Jenny Brown nostalgic for Reconstruction
July 21. 2004 6:01AM Officials knew of voter list's race flaw
By CHRIS DAVIS and MATTHEW DOIG Sarasota Herald-Tribune
s far back as 1997, state election officials knew that using race to create a felon voter purge list could mean Hispanics wouldn't be included in the purge, the Sarasota Herald-Tribune has learned.
Elections officials studied the race issue for the purge conducted before the 2000 election, and again in 2001 as they developed the latest version of the list designed to keep felons from voting.
The decision to use race for the 2004 purge, knowing it could exclude Hispanics, renews questions about whether the error was intentional, said U.S. Rep. Robert Wexler, D-Boca Raton.
"It's a clear indication of a pattern of falsifying the voting process in Florida," Wexler said. "As we now learn more and more, the likelihood of a coincidence is just too great."
Wexler said the findings could warrant an investigation by the state attorney general's office, and Secretary of State Glenda Hood's removal from office.
Florida is one of seven states that does not automatically restore voting rights to convicted felons once they have completed their sentences.
Hood scrapped the purge list last week after it was reported that a data flaw led to the inclusion of just 61 Hispanics on the purge list, which includes nearly 48,000 names.
By comparison, there were about 22,000 blacks on the list.
Elections officials insist that the error was an oversight, not an attempt to purge black Democrats in 2004 and protect Hispanics, who tend to vote Republican.

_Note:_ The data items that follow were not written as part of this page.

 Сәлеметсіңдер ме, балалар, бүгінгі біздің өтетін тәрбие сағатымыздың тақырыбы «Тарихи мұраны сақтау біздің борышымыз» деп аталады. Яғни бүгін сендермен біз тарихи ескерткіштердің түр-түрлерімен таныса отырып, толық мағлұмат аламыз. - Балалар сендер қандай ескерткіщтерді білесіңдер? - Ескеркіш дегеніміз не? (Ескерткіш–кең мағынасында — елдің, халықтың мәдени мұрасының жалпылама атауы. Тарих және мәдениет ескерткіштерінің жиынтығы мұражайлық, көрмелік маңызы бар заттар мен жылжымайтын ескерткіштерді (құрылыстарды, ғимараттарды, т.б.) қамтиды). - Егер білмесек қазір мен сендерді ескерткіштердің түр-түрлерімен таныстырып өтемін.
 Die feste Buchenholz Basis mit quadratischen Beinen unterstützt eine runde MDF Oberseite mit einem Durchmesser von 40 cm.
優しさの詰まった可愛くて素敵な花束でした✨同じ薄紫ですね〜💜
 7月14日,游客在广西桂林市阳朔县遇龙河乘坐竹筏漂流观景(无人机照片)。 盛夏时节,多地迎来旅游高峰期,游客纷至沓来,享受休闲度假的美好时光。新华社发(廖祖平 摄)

"The secretary of state had absolutely no knowledge before recalling the list," Department of State spokeswoman Nicole de Lara said.

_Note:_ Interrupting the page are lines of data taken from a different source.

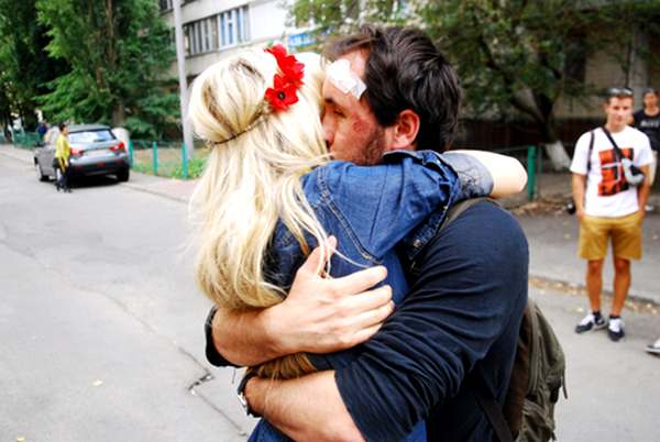 Как пишет в Фейсбук адвокат потерпевших Ярослав Яценко, на активисток FEMEN и Дмитрия, которые были одеты и не проводили никакой акции, 27 -го в 16.10 по киевскому времени во дворе дома на Оболони напали около 10 неизвестных человек в штатском и сильно всех избили, Дмитрию разбили голову, после чего всех передали сотрудникам милиции.
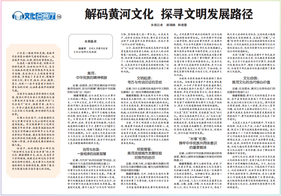 本期文化会客厅,记者邀请到兰州大学黄河国家文化公园研究院杨建军教授。作为深耕黄河文化研究领域多年的学者,杨建军教授依托研究院多学科融合的科研平台与开放共享的合作机制,兼具深厚的理论积淀与鲜活的实践洞察,是解读黄河文化核心价值、分享流域发展经验的权威人选。访谈中,他的阐述紧扣研究院“理论研究与决策咨询并重”的工作定位,解读横跨历史、政治、生态等多个学科领域,既彰显出研究院多学科协同的研究特色,更为黄河文化的创造性转化与创新性发展,提供了兼具学术深度与现实指导意义的思路。
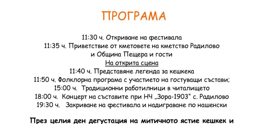 Национален фестивал на кешкека и народните умения Радилово 2024 ще се проведе на 22 септември 2024 г. в с. Радилово, община Пещера.
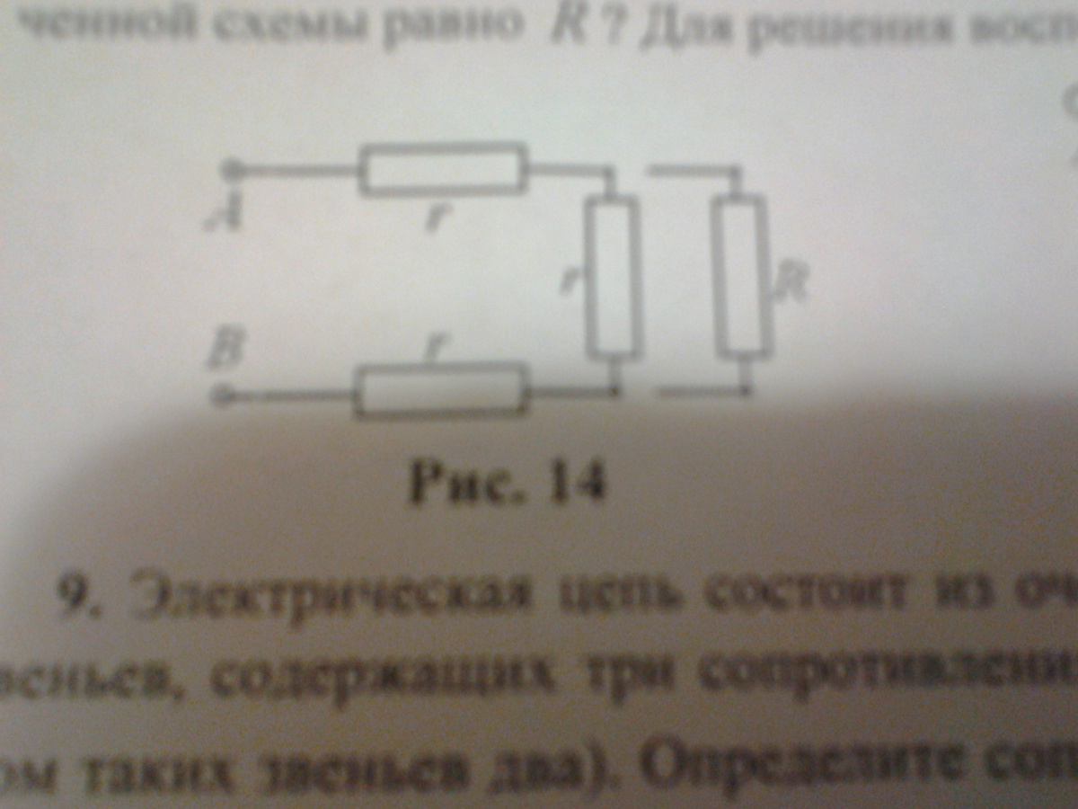 Какое сопротивление R следует соединить параллельно с сопротивлением r (рисунок), если известно что , что эквивалентное сопротивление полученной схемы равно R?
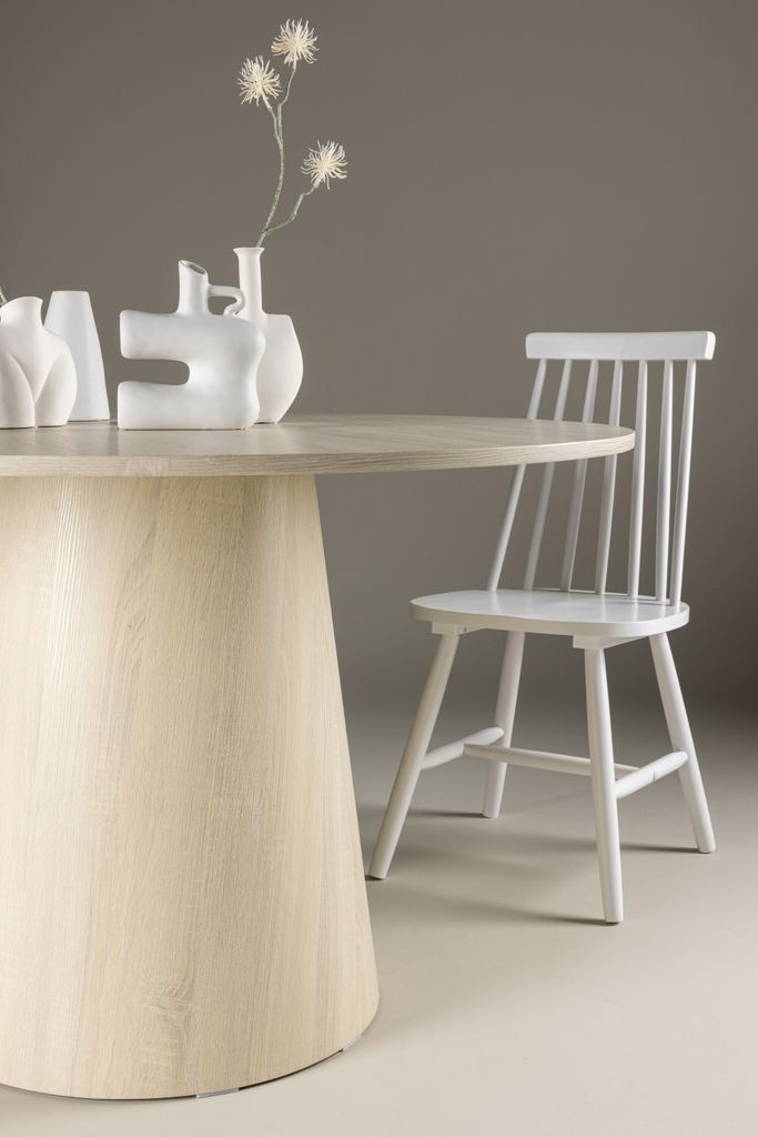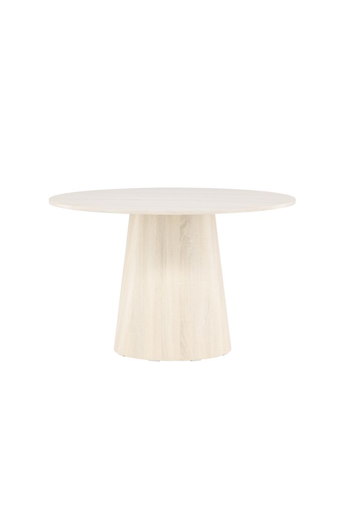 Lanzo matbord med 120 cm diameter i vitpigmenterad MDF, perfekt för stilfulla middagar.
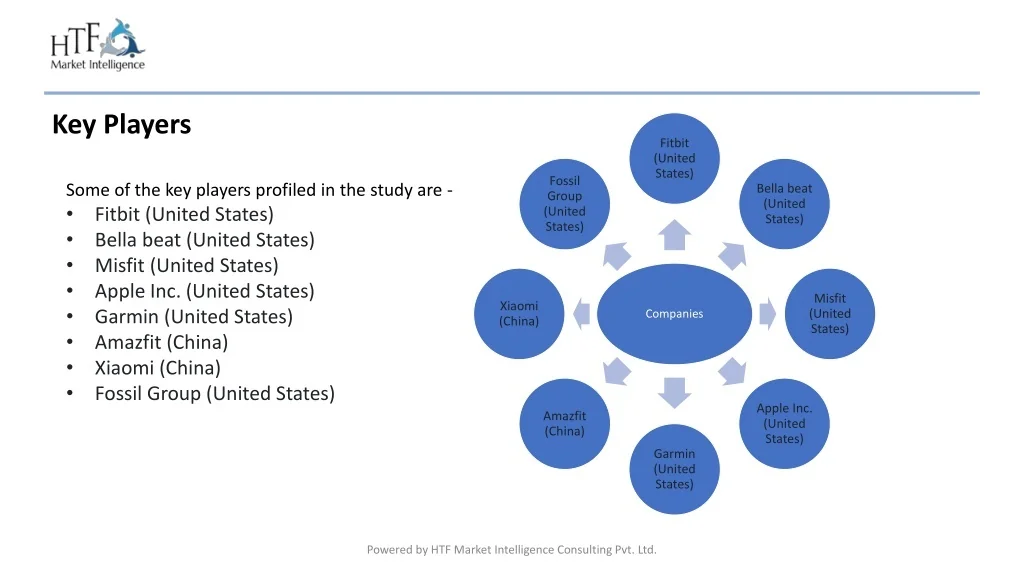 Key Players • Some of the key players profiled in the study are - • Fitbit (United States) • Bella beat (United States) • Misfit (United States) • Apple Inc. (United States) • Garmin (United States) • Amazfit (China) • Xiaomi (China) • Fossil Group (United States) Powered by HTF Market Intelligence Consulting Pvt. Ltd.

De Lara pointed out that Hood was not in office when the list was designed and that she has called for an audit of what led to the Hispanic flaw.
Although Hood took office after the list was designed, many of her employees worked on the current list and the one used in 2000.

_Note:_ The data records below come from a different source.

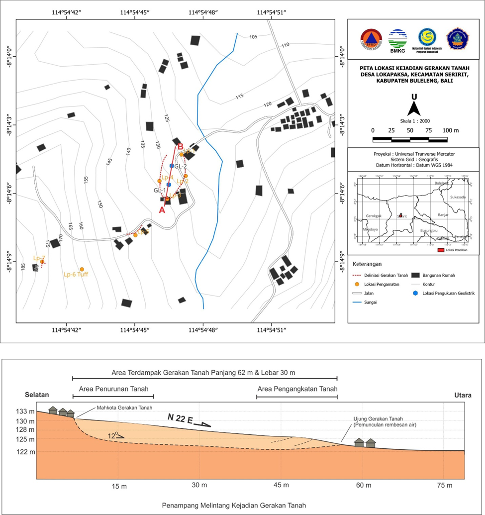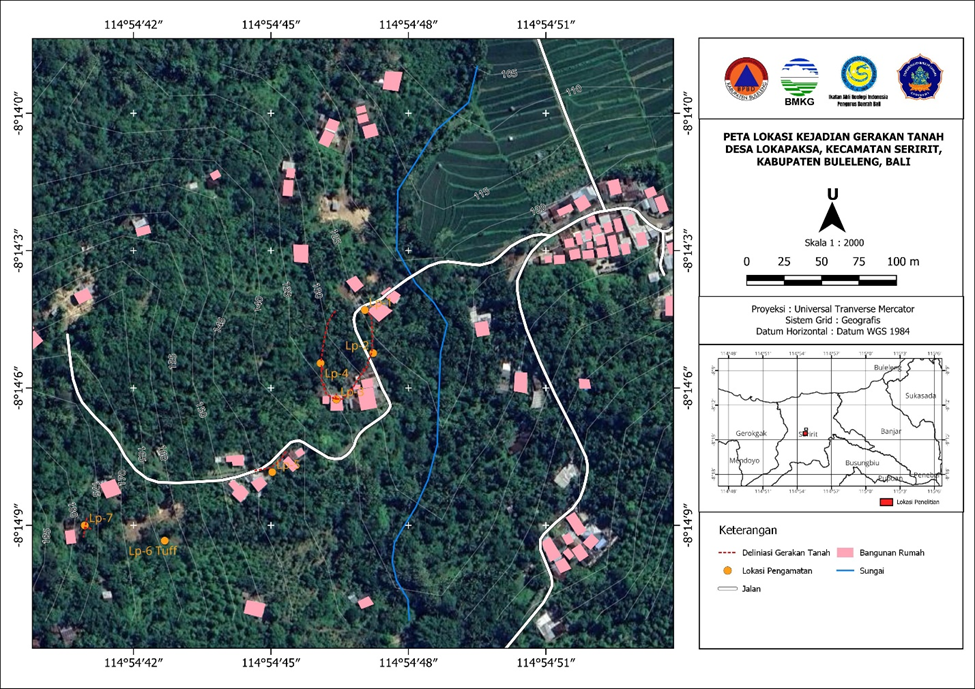 Koordinat bencana tercatat pada titik 8.235023°, 114.912946°, di ketinggian 120 hingga 133 meter di atas permukaan laut. Secara geomorfologis, Dusun Sorga Mekar bertengger di bentangalam denudasional struktural — perbukitan berlembah yang morfologinya dibentuk oleh kontrol dua sesar besar: Sesar Pupuan dan Sesar Seririt yang berpotongan di kawasan itu. Lerengnya landai bergelombang dengan kemiringan 12 hingga 18 derajat — cukup untuk membuat tanah bergerak jika kondisi bawah permukaannya melemah.
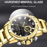 - Functional features; Dual time display, Alarm, stopwatch, complete calendar display and LED light for night vision.
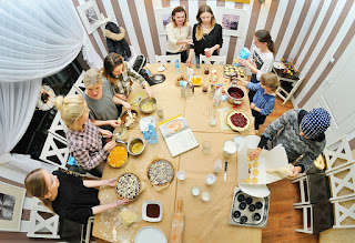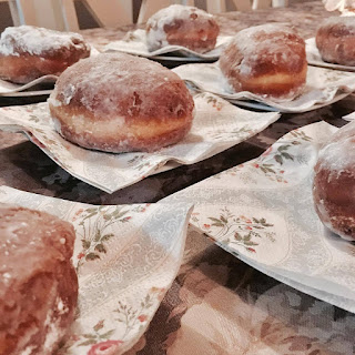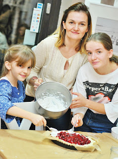 Pączki nadziewaliśmy konfiturami, w które zaopatrzyła nas Beata Mieczkowska-Miśtak pomysłodawczyni i redaktor "Smacznego Kołobrzegu" kołobrzeskiej książki kulinarnej. oczywiście nie zabrakło konfitury z płatków róży, był dżem dyniowo-pomarańczowy, ale również z zielonych pomidorów, który znalazł swoich fanów mimo moich niesłusznych obaw. Mi przypadł do gustu najbardziej z czerwonej porzeczki. Miałyśmy też okazję spróbować od Beatki marchewki z kawą i jestem zachwycona... trudno to opisać słowami, czuję teraz ten smak, taki inny, bardzo przyjemy. Lubię kosztować takie perełki i otwierać się na nowe smaki. Tymczasem odsyłam też Was na bloga do Beatki. http://slowa-i-smaki.pl/
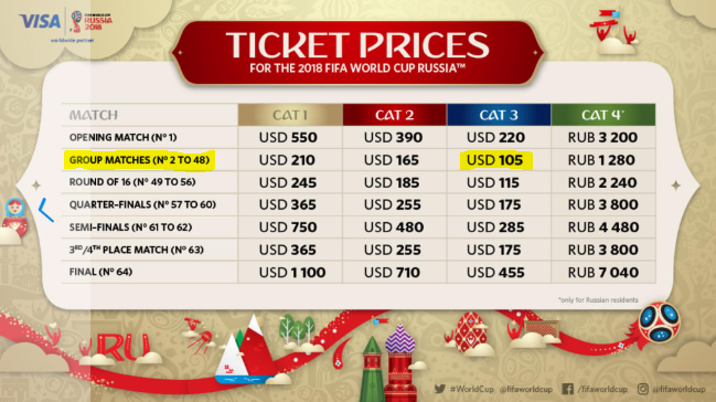 먼저 FIFA에서 판매하는 공식 가격표입니다. 조별예선 3등석이 105 USD입니다. (많은 사람들이 월드컵 티켓은 엄청 비싼줄 아는데, 생각처럼 얼토당토 않게 비싸지는 않습니다. 참고로 국내 A매치의 3등석 가격이 3만원 정도 합니다.

Election officials were aware of matching difficulties involving Hispanic felo ns when they worked with DBT, a private company that helped build the 2000 purge list.
DBT, which was later bought by ChoicePoint, discussed the issue with data experts in the secretary of state's office in late 1997 or early 1998, said ChoicePoint spokesman Chuck Jones.
ChoicePoint and state officials analyzed the data together and recognized that using race would create an inaccurate list, he said.
"It was not part of the criteria because most of the data sets didn't support matching race," Jones said. "It was not reliable because of Hispanic or Latinos. We determined jointly that it was not reliable."
Jones cited Janet Modrow as one of the secretary of state employees who would have known about the race problem. Modrow also played a central role in developing the latest purge list. Modrow told the Herald-Tribune on Friday she needed permission from a secretary of state spokesperson before she could answer a reporter's questions.
Department of State records show that the issue of race came up again in October 2001, less than eight months before the unveiling of the Central Voter Database.
That database of the state's registered voters was partly designed to allow election officials to identify felons who were registered to vote.
Technical advisers charged with developing the database discussed race at the October meeting and concluded that Hispanic could not be used as a separate race category in creating the match, meeting minutes show.
The minutes show that the committee planned to group Hispanics with whites for matching purposes.
That step would have allowed Hispanics to be included in the felon list because Hispanics are reported in the white race categories in many voter registration databases and by the Florida Department of Law Enforcement.
Chuck Smith, a Hillsborough County elections supervisor employee who served on the technical advisory committee, said he remembers a meeting where concerns about the use of race were raised.
Smith said the concern came up because the committee knew that voters couldn't report their race as Hispanic in most counties before 1994.
"Prior to 1994, everybody was considered to be white or black," Smith said. "It was kind of a weird merge thing."
Paul Craft, voting systems chief with the Division of Elections, said he also remembers discussing concerns over relying on race to match felons and voters.
But Craft said he forgot to mention those concerns to Clay Roberts, his boss at the time.
Roberts, the elections chief in 2002, made a decision that ultimately created the data flaw that omitted Hispanics.
In May 2002, just days before the voter database was unveiled, Roberts ordered a rewrite of the matching procedures.
He insisted that a registered voter's race match exactly with someone in the Florida Department of Law Enforcement's database. Because the FDLE classifies Hispanics as white, Roberts' decision virtually ensured Hispanics would be excluded from the felon list.
Clay Roberts said Monday that he did not remember being at a meeting where the issue was addressed, but that he "vaguely" remembers there being some concerns about how race was kept in voter registration records before 1994.
Roberts said he attended many, but not all of the meetings.
"I couldn't tell you which ones I was at," said Roberts, who now works for the state Attorney General.
Howard Simon, executive director of Florida's American Civil Liberties Union, said Monday he finds it hard to believe that this mistake can be blamed on poor memory.
"I have to say, that's straining my patience in the extreme," he said. "It almost forces one to confront the fact that this may not have been the result of incompetence. It raises the question about whether it was by design."